Improving Outcomes, Improving Throughput

Dont hang your CAP on that Xray!

What is your threshold for sensitivity of a test? If head CT missed 30% of bleeds, would we even do them? If UA’s missed 30% of UTI’s, would we even send them for anything other than culture? Would you feel comfortable making a decision based off a test that misses 30% of an infectious process that is common in your ED?

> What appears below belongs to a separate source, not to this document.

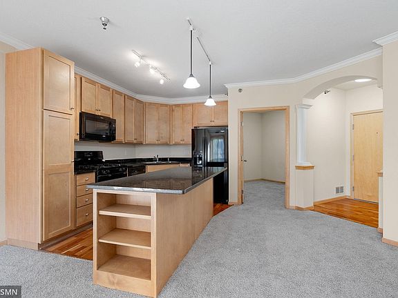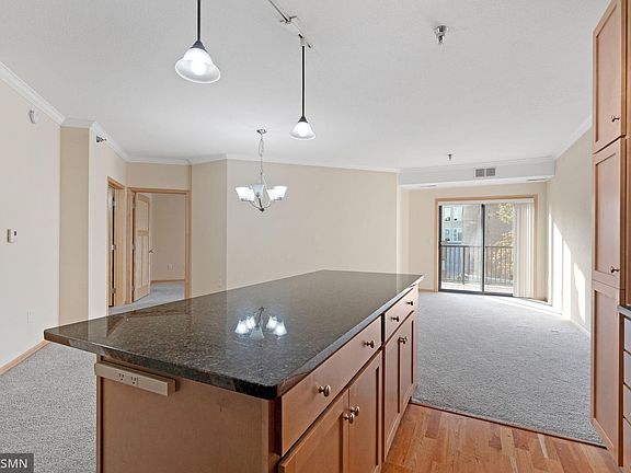 Very well-maintained St. Louis Park condo with 2 beds and 1 full bath! Nice open layout with a huge center island, granite, maple cabinets, countertop seating, stainless appliances, ceramic floors and in unit laundry. Living room walks out to the balcony. The primary bedroom is large with a walk-in closet and the 2nd bedroom has could easily be a work from home space. The building has an exercise room, party room and shared patio space. Underground parking space comes with the unit.
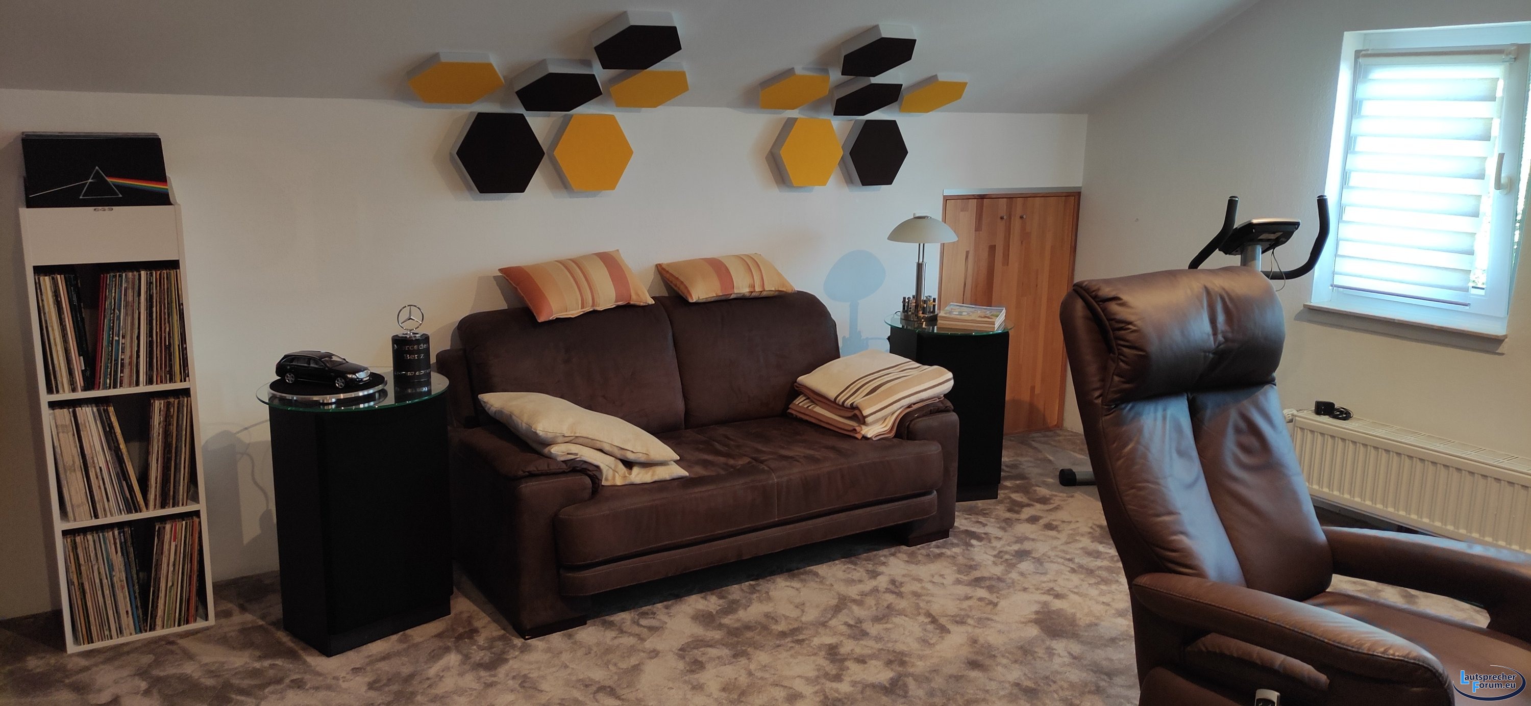 Mein Sitzplatz ist zufälligerweise so, dass bei mir ein rechter Winkel passt und sich die Lautsprecher in einem Spiegel, wo jetzt die Absorber sind, spiegeln würden.

Here, 319 prospectively enrolled patients with suspected community acquired pneumonia were subjected to plain films and followed by Chest CT. CT revealed an infiltrate in a third of patients who did not have an infiltrate on chest film and excluded CAP in 29.8% of patients with an infiltrate on chest film. 6.9% of patients were hospitalized (rather than discharged), and 7.2% were discharged rather than admitted based off CT findings (22 vs 23 patients).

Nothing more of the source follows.